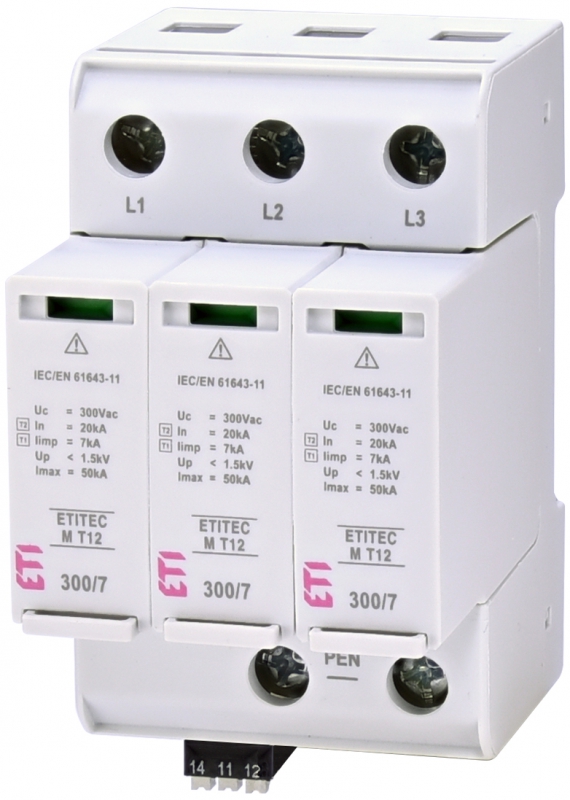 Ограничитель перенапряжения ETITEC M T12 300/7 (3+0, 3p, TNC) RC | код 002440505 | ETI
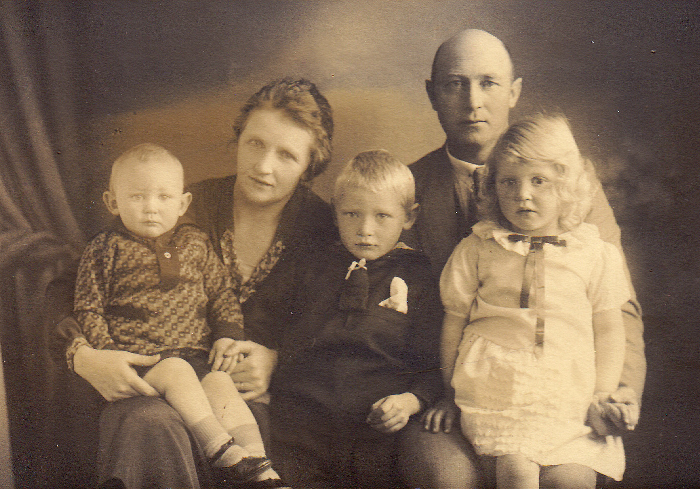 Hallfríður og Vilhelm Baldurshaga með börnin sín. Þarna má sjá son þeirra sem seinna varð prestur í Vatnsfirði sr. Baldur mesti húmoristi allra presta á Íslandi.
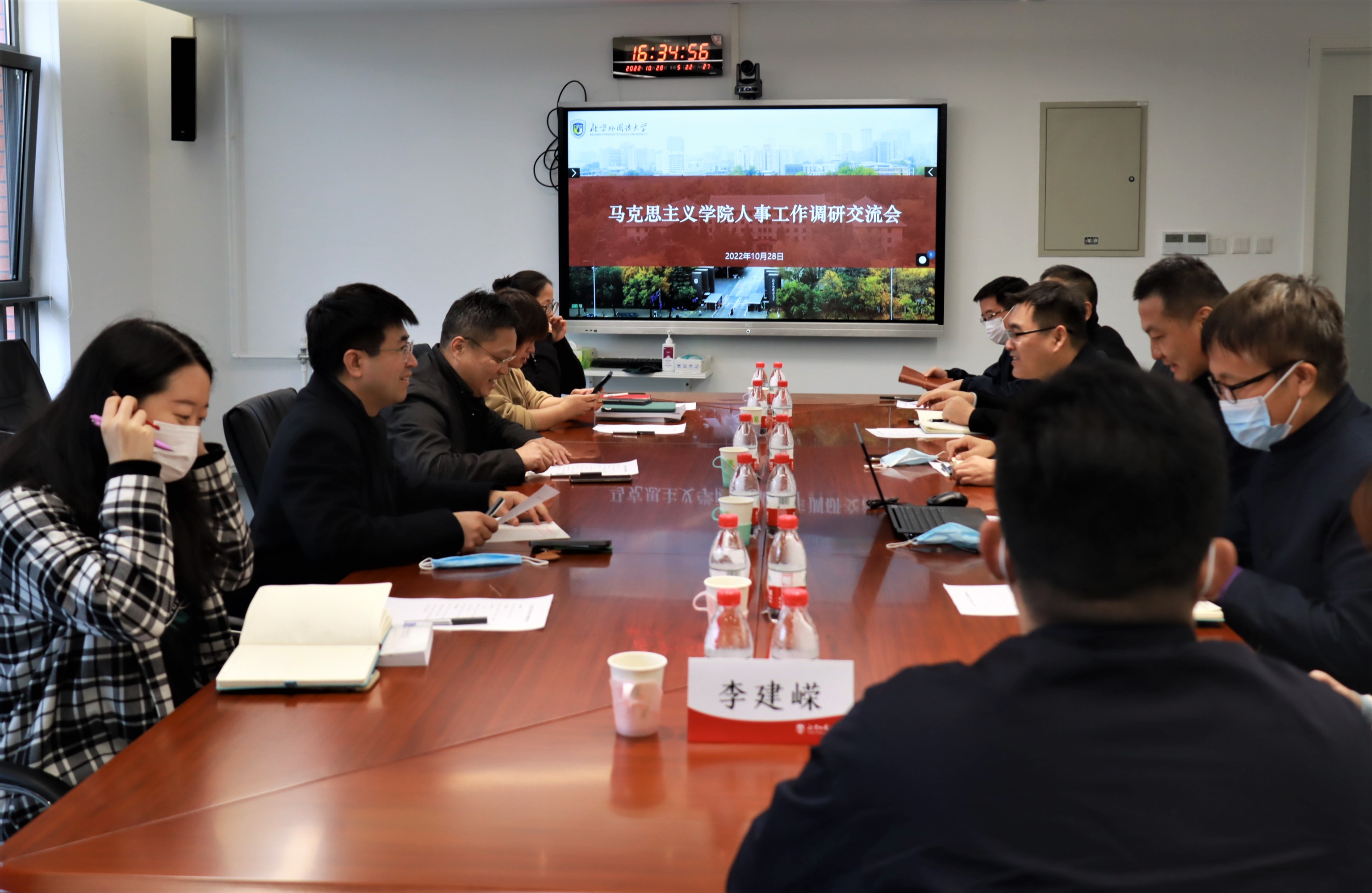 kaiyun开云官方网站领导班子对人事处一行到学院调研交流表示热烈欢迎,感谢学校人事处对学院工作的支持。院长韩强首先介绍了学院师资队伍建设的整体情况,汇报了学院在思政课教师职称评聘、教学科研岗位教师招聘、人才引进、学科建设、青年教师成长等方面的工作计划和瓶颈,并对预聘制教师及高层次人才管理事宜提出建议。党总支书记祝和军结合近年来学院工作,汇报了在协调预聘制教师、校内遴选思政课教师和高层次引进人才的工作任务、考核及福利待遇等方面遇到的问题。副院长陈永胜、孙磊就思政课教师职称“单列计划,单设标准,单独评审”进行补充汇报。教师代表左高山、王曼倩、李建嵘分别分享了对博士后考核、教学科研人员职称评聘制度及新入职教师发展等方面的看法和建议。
++++++++
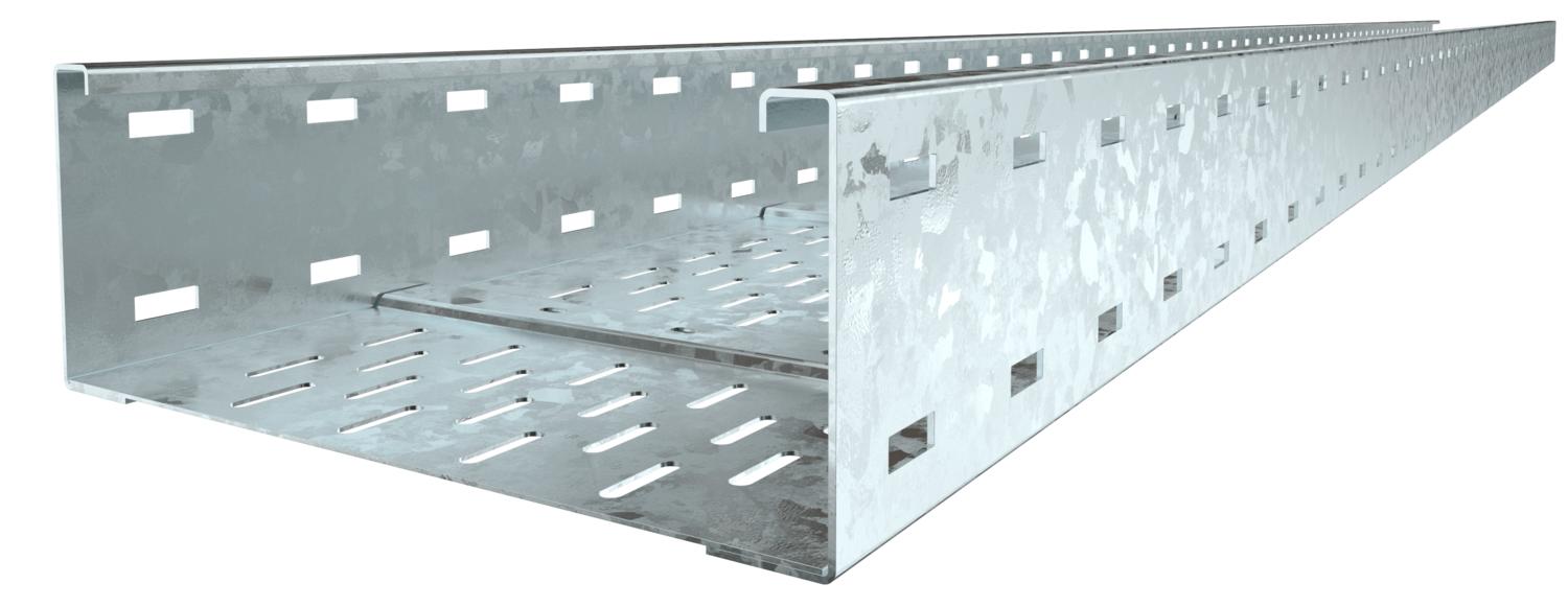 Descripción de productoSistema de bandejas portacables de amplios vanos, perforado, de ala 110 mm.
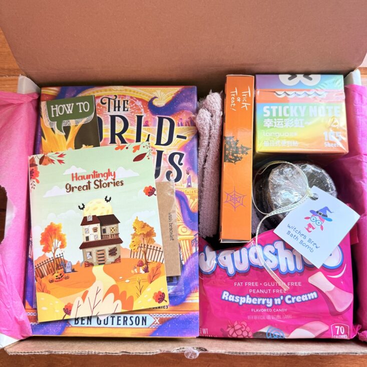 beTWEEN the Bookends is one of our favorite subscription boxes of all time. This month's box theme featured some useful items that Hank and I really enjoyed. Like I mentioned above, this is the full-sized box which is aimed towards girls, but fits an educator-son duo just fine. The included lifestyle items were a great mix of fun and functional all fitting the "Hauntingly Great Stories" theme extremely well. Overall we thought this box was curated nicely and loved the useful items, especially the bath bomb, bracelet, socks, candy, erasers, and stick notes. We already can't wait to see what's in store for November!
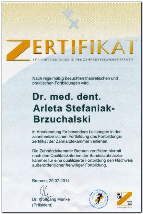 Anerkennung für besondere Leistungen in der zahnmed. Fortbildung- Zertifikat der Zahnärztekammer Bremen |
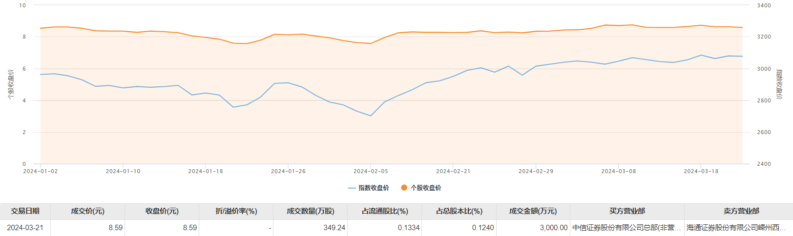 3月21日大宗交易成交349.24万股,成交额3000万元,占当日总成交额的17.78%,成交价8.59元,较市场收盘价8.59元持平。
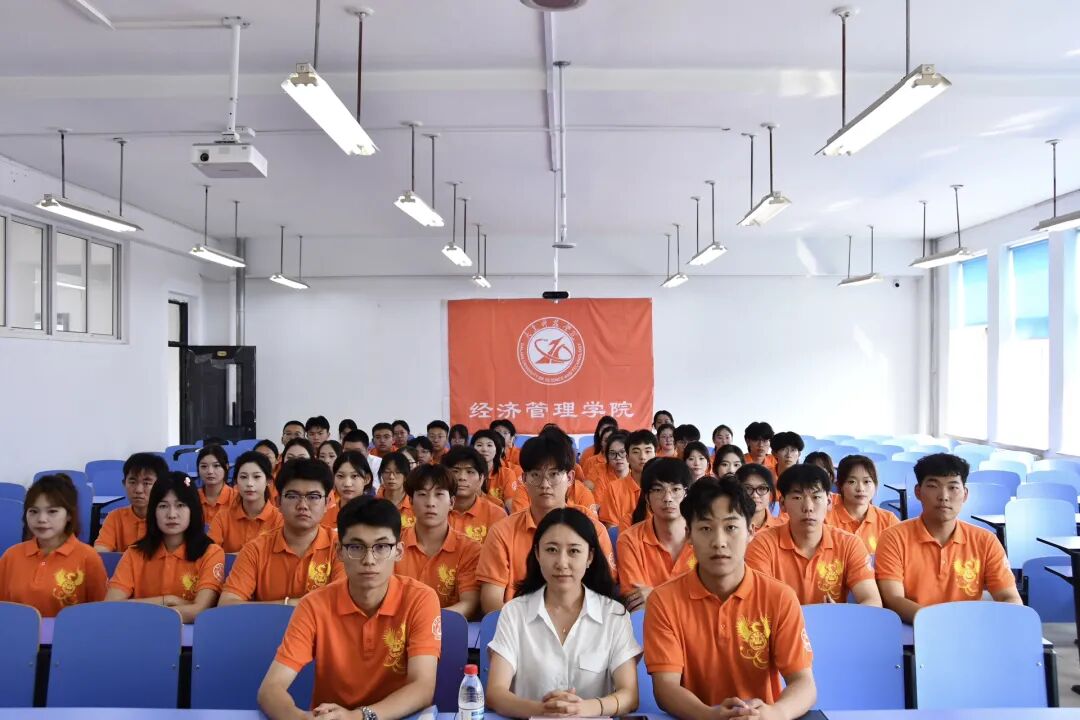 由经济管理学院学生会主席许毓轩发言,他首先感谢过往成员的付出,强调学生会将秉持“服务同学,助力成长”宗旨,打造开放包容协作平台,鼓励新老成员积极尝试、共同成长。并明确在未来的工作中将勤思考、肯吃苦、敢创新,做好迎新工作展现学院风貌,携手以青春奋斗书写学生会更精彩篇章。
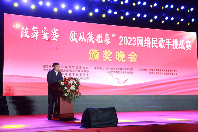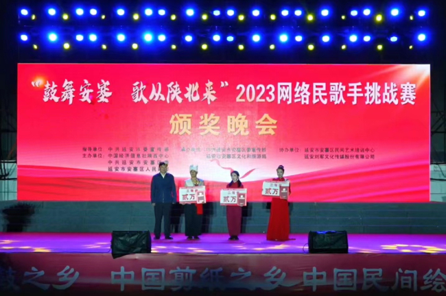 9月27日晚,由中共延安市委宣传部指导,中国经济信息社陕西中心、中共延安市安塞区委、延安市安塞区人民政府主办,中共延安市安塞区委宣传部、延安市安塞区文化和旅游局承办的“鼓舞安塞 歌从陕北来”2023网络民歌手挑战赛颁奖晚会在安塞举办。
++++++++
PROBLEM TO WORK ON
Write out word for word the lines of the listing above from the line with "Ограничитель перенапряжения ETITEC" to the line with "kaiyun开云官方网站领导", taking in both of those lines but no pictures.

RESULT
 Ограничитель перенапряжения ETITEC M T12 300/7 (3+0, 3p, TNC) RC | код 002440505 | ETI
 Hallfríður og Vilhelm Baldurshaga með börnin sín. Þarna má sjá son þeirra sem seinna varð prestur í Vatnsfirði sr. Baldur mesti húmoristi allra presta á Íslandi.
 kaiyun开云官方网站领导班子对人事处一行到学院调研交流表示热烈欢迎,感谢学校人事处对学院工作的支持。院长韩强首先介绍了学院师资队伍建设的整体情况,汇报了学院在思政课教师职称评聘、教学科研岗位教师招聘、人才引进、学科建设、青年教师成长等方面的工作计划和瓶颈,并对预聘制教师及高层次人才管理事宜提出建议。党总支书记祝和军结合近年来学院工作,汇报了在协调预聘制教师、校内遴选思政课教师和高层次引进人才的工作任务、考核及福利待遇等方面遇到的问题。副院长陈永胜、孙磊就思政课教师职称“单列计划,单设标准,单独评审”进行补充汇报。教师代表左高山、王曼倩、李建嵘分别分享了对博士后考核、教学科研人员职称评聘制度及新入职教师发展等方面的看法和建议。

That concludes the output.